Each entry should be returned exactly as written, with no pictures carried over.

== Segment start ==

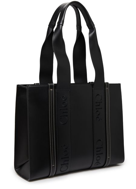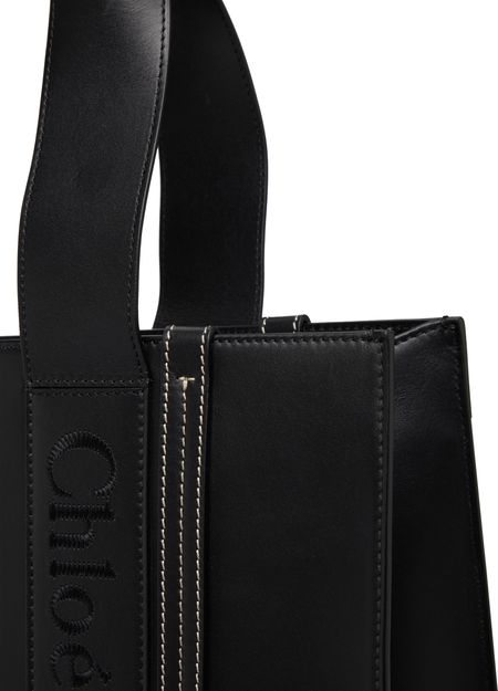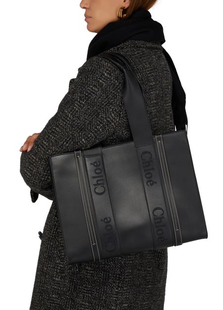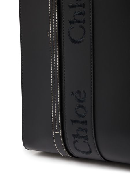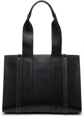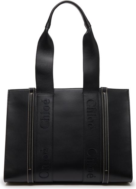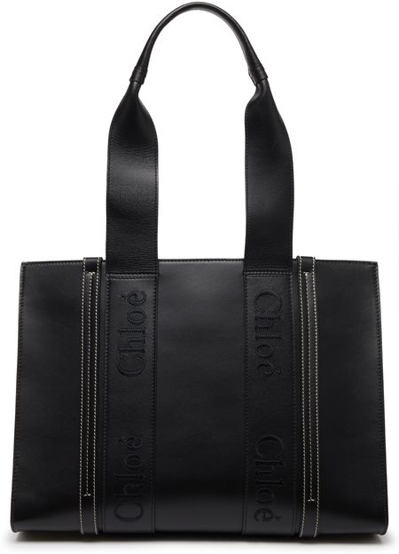 Chloe's Woody tote bag is a luxurious leather shopper with two handles for versatile carrying options. The bag features a subtle jacquard logo and visible topstitching for a modern touch. The spacious interior is lined and includes a practical patch pocket. Perfect for wearing in hand or on the shoulder.
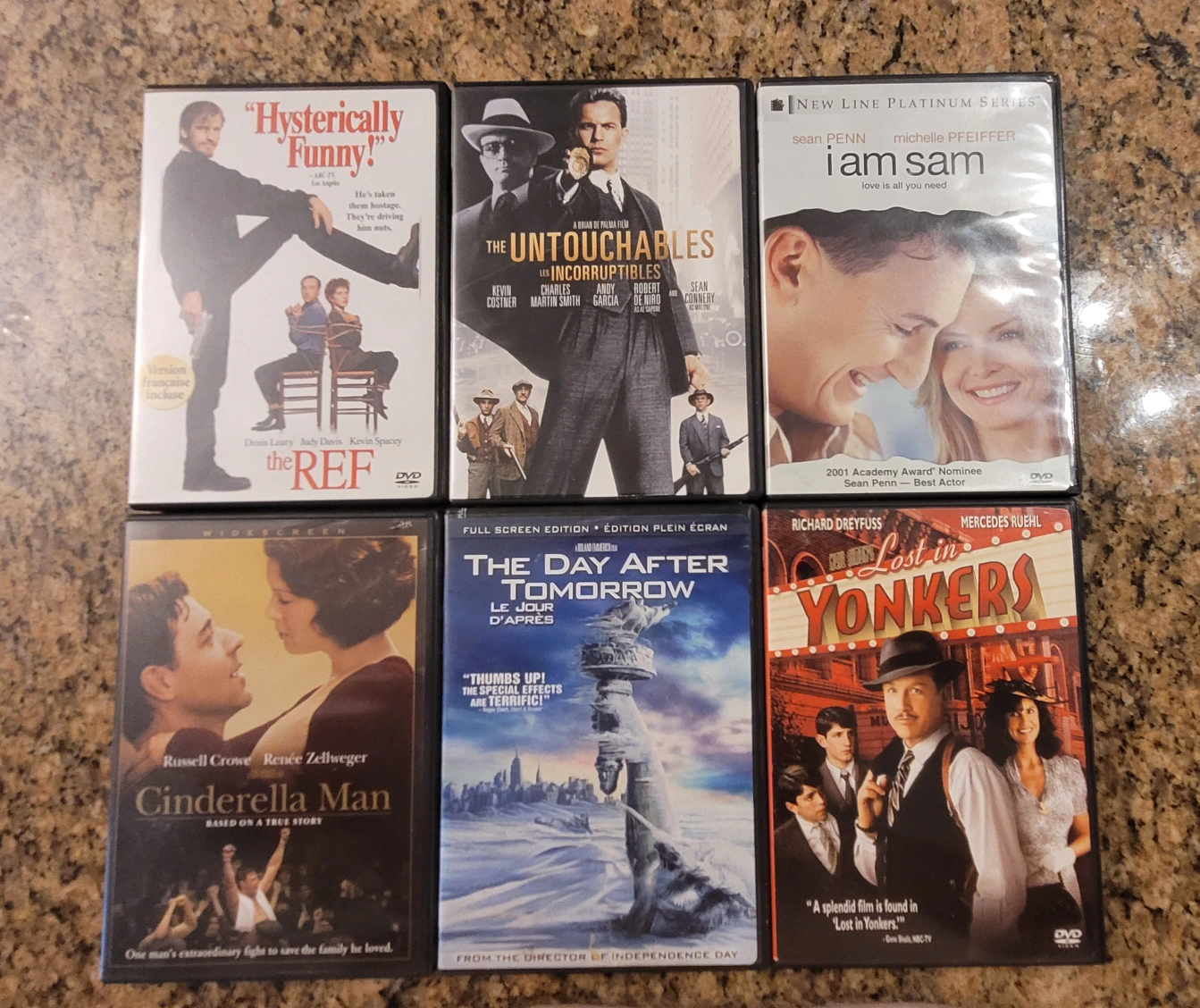 Multiple different titles of movies and comedy DVDs in EUC. Willing to work on a better price if you are interested in multiple titles. Titles include: Alive Amistad An Inconvenient Truth Apollo 13 Bend it like Beckham Borat Bowling for Columbine Casino Casino Royale Catch me if you can Chris Rock Bring the Pain Chris Rock - Bigger and Blacker Cinderella Man Coach Carter Cold Mountain Chuck & Larry get married Donnie Brasco Eddie Murphy - Delirious Eddie Murphy - Raw Fahrenheit 911 Finding Forrester Gladiator Good night, and good luck Grumpier Old Men Happ Feet Head of State Hotel Rwanda I am Sam In America Invictus Leatherheads Lost in Yonkers Mambo Italiano Marie Antoinette Mona Lusa Smile Monster's Ball My Cousin Vinny Nuemberg Our Idiot Brother Pay it forward Precious Priates of the Carribean: The Curse of the Black Pearl Priates of the Carribean: Dead Man's Chest Priates of the Carribean: At World's End Sicko Radio Raging Bull Ray Religious Rush Hour Russell Peters: Outsourced Russell Peters: Red, White, and Brown Saving Private Ryan Scent of A Woman School of Rock Seabiscuit Simon Birch Spider-man 1,2, and 3 Stand and Deluvery Stevie Griffin - The Untolded Story Talladega Nights The Bourne Identity The Bourne Spremacy The Bourne Ultimatum The Day after tomorrow The Departed The Persuit of Happiness The Reader The Ref The Rocket The Sixth Sense The Thin Red Line The Untouchables Training Day U2 - Rattle and Hum We Are Marshall Wayne's World Come from a smoke & pet free home.
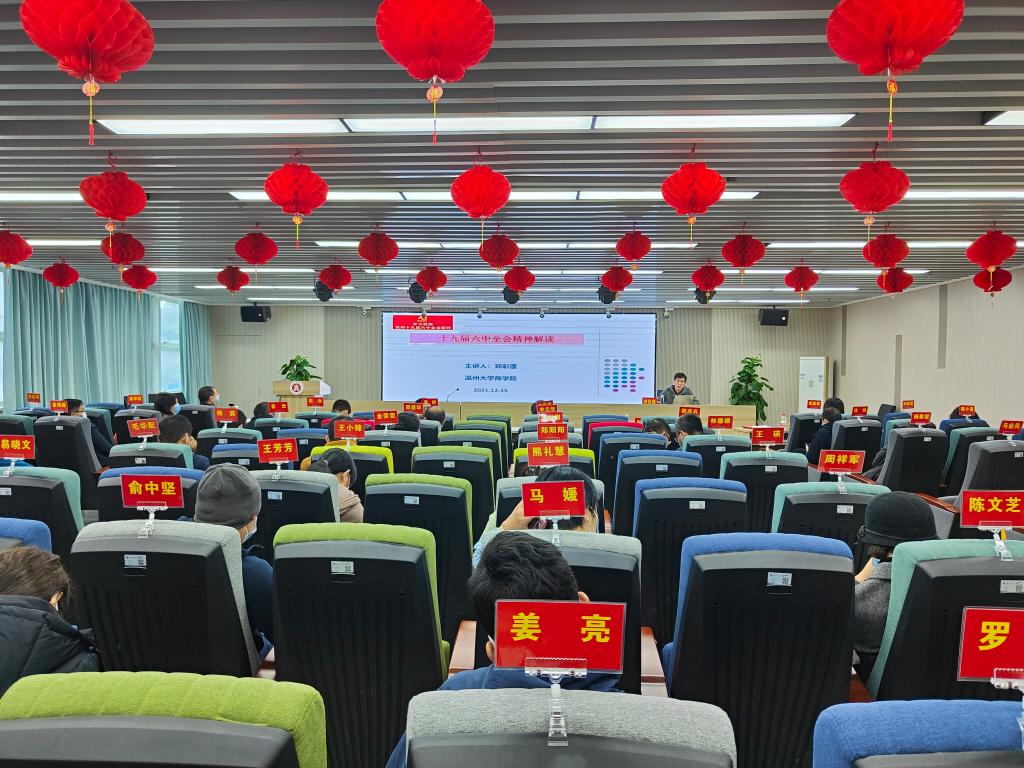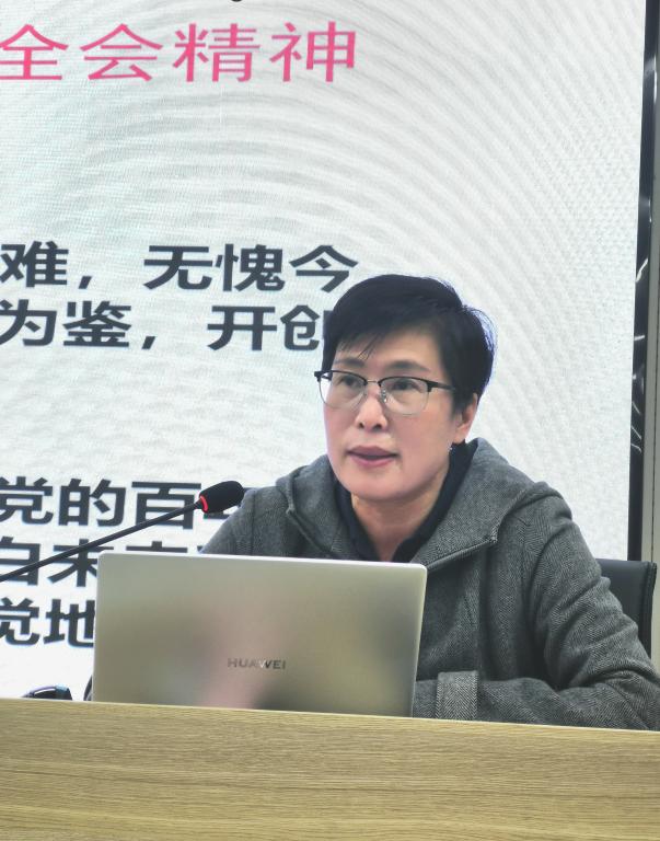 会上,郑彩莲书记从四个全面给全院教职工做十九届六中全会精神的宣讲。第一,全面系统完整准确地学习全会精神。第二,十九届六中全会的重要成果。第三,第三份历史决议的核心要义。第四,如何活学活用十九届六中全会精神。郑书记表示,必须从历史理论和时间的角度,深入学习党的百年奋斗重大成就和历史经验,要知其然更要知其所以然。她强调,要活学活用十九届六中全会精神,希望全院教工做到如下三点:一,精准把握,把思想认识统一到全会决策上来。二,自我内驱,把全会精神转化到奋斗上来。三,主动作为,把全会精神落实到当下工作上来。全院教师要严字当头,积极配合,作好疫情防控工作;高质量准备年终考核工作与期末各项工作,全力以赴,创先争优。
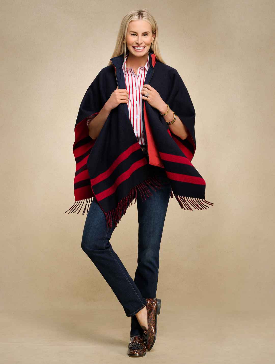 Two looks. One cozy wrap. In a cozy wool blend with two sides to choose from. Quite possibly the most luxurious top layer you'll ever own. Features Ruana Reversible Imported Fit: 28" x 40" Material: 70% Polyester, 30% Wool Care: Dry Clean | Reversible Double Face Ruana - Toasted Coconut/Ivory - 001 ...more
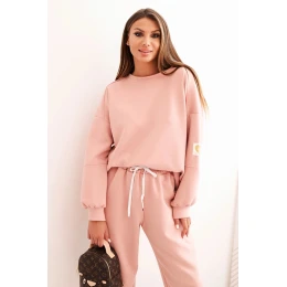 Dámská souprava máslová s volnou mikinou a kalhotami s nápisem LOVE tmavě pudrově růžová
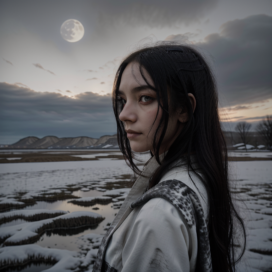 1 girl, skull head, realistic, colorful hair, fantasy dress, black_hair, utdoors, sky, cloud,moon, scenery, fantasy, In a desolate, shadowy wasteland, a lone figure trudged through the ashen landscape, the air heavy with an ominous silence., scene view, dynamic angle, <lora:style-1-v4-200:0.6>,bailing_eastern ,snow,outdoors,red eyes,long hair,snowing,from behind,White dragon,Charcoal Drawing architecture Dystopian Cityscape Tidal Flat,Dusk,Leeches,Rustling Leaf
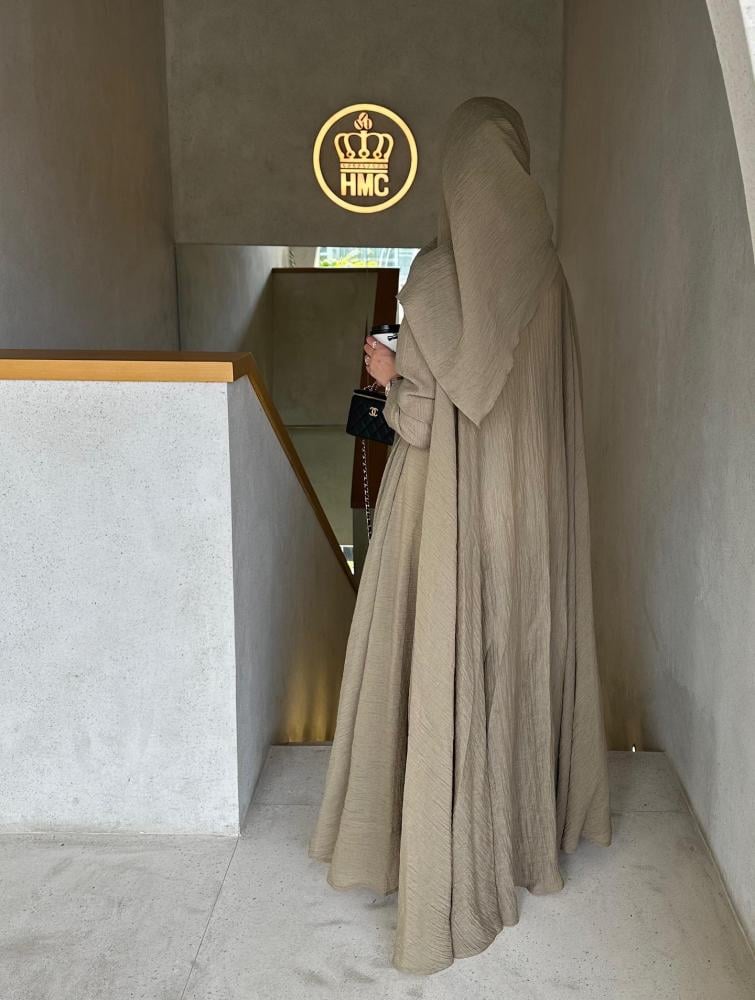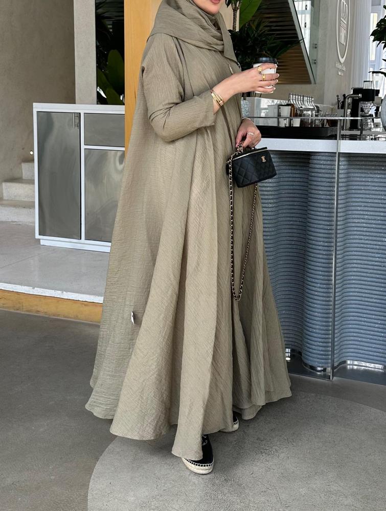 عبايتنا الجديدة بقصة تربل كلوش تعطيك وسع وجمال بالحركة، وخام لينن كريشه يبرد عليك حتى بأحر الأيام!
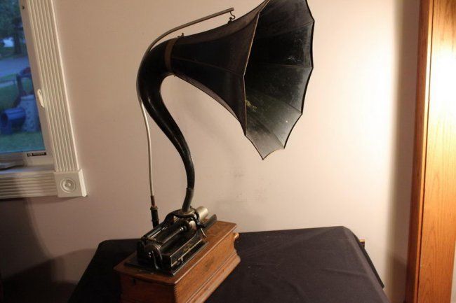 EDISON HOME PHONOGRAPH - MOTOR WORKS FINE BUT CYLINDER DOES NOT TURN - NEEDS ADJUSTING - GREAT HORN - SERIAL# 397562 - 16 X 12 X 9
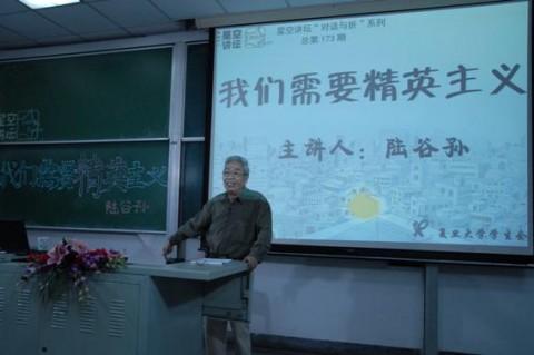 2009年10月27日18:30,年逾古稀的英文系教授陆谷孙精神矍铄地走上3208的讲台,面对台下那求知若渴的眼神,为复旦学子带来了一场思想盛宴《我们需要精英主义》。作为星空讲坛的第173期,陆老为星空增添了一股浩然之气、长者之风。理想与现实相交,睿智与幽默并举,同学们在轻松、欢快的气氛中加深了对精英主义的理解和对读书的重要性的认识。
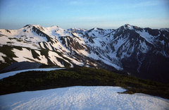 1998年5月5日、北アルプス・樅沢岳2755mより三俣蓮華岳2841.2m(左手の二連の山)と鷲羽岳2924.2m(右手の山)を望む
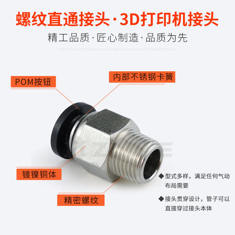 Conector de Tubo de Alimentación Remoto para Impresora 3D, Accesorio de Entrada PC4-M6/01mm, Conector Neumático de Paso a Paso
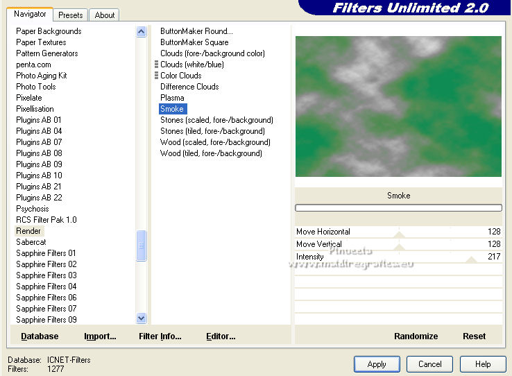 3. Effets>Modules Externes>Filters Unlimited 2.0 - Render - Smoke, par défaut.
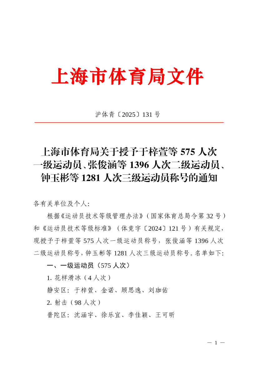 根据《运动员技术等级管理办法》(国家体育总局令第32号)和《运动员技术等级标准》(体竞字〔2024〕121号)有关规定,现授予于梓萱等575人次一级运动员称号,张俊涵等1396人次二级运动员称号,钟玉彬等1281人次三级运动员称号。名单如下:

== Segment end ==

YOUR RESPONSE ->
 Chloe's Woody tote bag is a luxurious leather shopper with two handles for versatile carrying options. The bag features a subtle jacquard logo and visible topstitching for a modern touch. The spacious interior is lined and includes a practical patch pocket. Perfect for wearing in hand or on the shoulder.
 Multiple different titles of movies and comedy DVDs in EUC. Willing to work on a better price if you are interested in multiple titles. Titles include: Alive Amistad An Inconvenient Truth Apollo 13 Bend it like Beckham Borat Bowling for Columbine Casino Casino Royale Catch me if you can Chris Rock Bring the Pain Chris Rock - Bigger and Blacker Cinderella Man Coach Carter Cold Mountain Chuck & Larry get married Donnie Brasco Eddie Murphy - Delirious Eddie Murphy - Raw Fahrenheit 911 Finding Forrester Gladiator Good night, and good luck Grumpier Old Men Happ Feet Head of State Hotel Rwanda I am Sam In America Invictus Leatherheads Lost in Yonkers Mambo Italiano Marie Antoinette Mona Lusa Smile Monster's Ball My Cousin Vinny Nuemberg Our Idiot Brother Pay it forward Precious Priates of the Carribean: The Curse of the Black Pearl Priates of the Carribean: Dead Man's Chest Priates of the Carribean: At World's End Sicko Radio Raging Bull Ray Religious Rush Hour Russell Peters: Outsourced Russell Peters: Red, White, and Brown Saving Private Ryan Scent of A Woman School of Rock Seabiscuit Simon Birch Spider-man 1,2, and 3 Stand and Deluvery Stevie Griffin - The Untolded Story Talladega Nights The Bourne Identity The Bourne Spremacy The Bourne Ultimatum The Day after tomorrow The Departed The Persuit of Happiness The Reader The Ref The Rocket The Sixth Sense The Thin Red Line The Untouchables Training Day U2 - Rattle and Hum We Are Marshall Wayne's World Come from a smoke & pet free home.
 会上,郑彩莲书记从四个全面给全院教职工做十九届六中全会精神的宣讲。第一,全面系统完整准确地学习全会精神。第二,十九届六中全会的重要成果。第三,第三份历史决议的核心要义。第四,如何活学活用十九届六中全会精神。郑书记表示,必须从历史理论和时间的角度,深入学习党的百年奋斗重大成就和历史经验,要知其然更要知其所以然。她强调,要活学活用十九届六中全会精神,希望全院教工做到如下三点:一,精准把握,把思想认识统一到全会决策上来。二,自我内驱,把全会精神转化到奋斗上来。三,主动作为,把全会精神落实到当下工作上来。全院教师要严字当头,积极配合,作好疫情防控工作;高质量准备年终考核工作与期末各项工作,全力以赴,创先争优。
 Two looks. One cozy wrap. In a cozy wool blend with two sides to choose from. Quite possibly the most luxurious top layer you'll ever own. Features Ruana Reversible Imported Fit: 28" x 40" Material: 70% Polyester, 30% Wool Care: Dry Clean | Reversible Double Face Ruana - Toasted Coconut/Ivory - 001 ...more
 Dámská souprava máslová s volnou mikinou a kalhotami s nápisem LOVE tmavě pudrově růžová
 1 girl, skull head, realistic, colorful hair, fantasy dress, black_hair, utdoors, sky, cloud,moon, scenery, fantasy, In a desolate, shadowy wasteland, a lone figure trudged through the ashen landscape, the air heavy with an ominous silence., scene view, dynamic angle, <lora:style-1-v4-200:0.6>,bailing_eastern ,snow,outdoors,red eyes,long hair,snowing,from behind,White dragon,Charcoal Drawing architecture Dystopian Cityscape Tidal Flat,Dusk,Leeches,Rustling Leaf
 عبايتنا الجديدة بقصة تربل كلوش تعطيك وسع وجمال بالحركة، وخام لينن كريشه يبرد عليك حتى بأحر الأيام!
 EDISON HOME PHONOGRAPH - MOTOR WORKS FINE BUT CYLINDER DOES NOT TURN - NEEDS ADJUSTING - GREAT HORN - SERIAL# 397562 - 16 X 12 X 9
 2009年10月27日18:30,年逾古稀的英文系教授陆谷孙精神矍铄地走上3208的讲台,面对台下那求知若渴的眼神,为复旦学子带来了一场思想盛宴《我们需要精英主义》。作为星空讲坛的第173期,陆老为星空增添了一股浩然之气、长者之风。理想与现实相交,睿智与幽默并举,同学们在轻松、欢快的气氛中加深了对精英主义的理解和对读书的重要性的认识。
 1998年5月5日、北アルプス・樅沢岳2755mより三俣蓮華岳2841.2m(左手の二連の山)と鷲羽岳2924.2m(右手の山)を望む
 Conector de Tubo de Alimentación Remoto para Impresora 3D, Accesorio de Entrada PC4-M6/01mm, Conector Neumático de Paso a Paso
 3. Effets>Modules Externes>Filters Unlimited 2.0 - Render - Smoke, par défaut.
 根据《运动员技术等级管理办法》(国家体育总局令第32号)和《运动员技术等级标准》(体竞字〔2024〕121号)有关规定,现授予于梓萱等575人次一级运动员称号,张俊涵等1396人次二级运动员称号,钟玉彬等1281人次三级运动员称号。名单如下:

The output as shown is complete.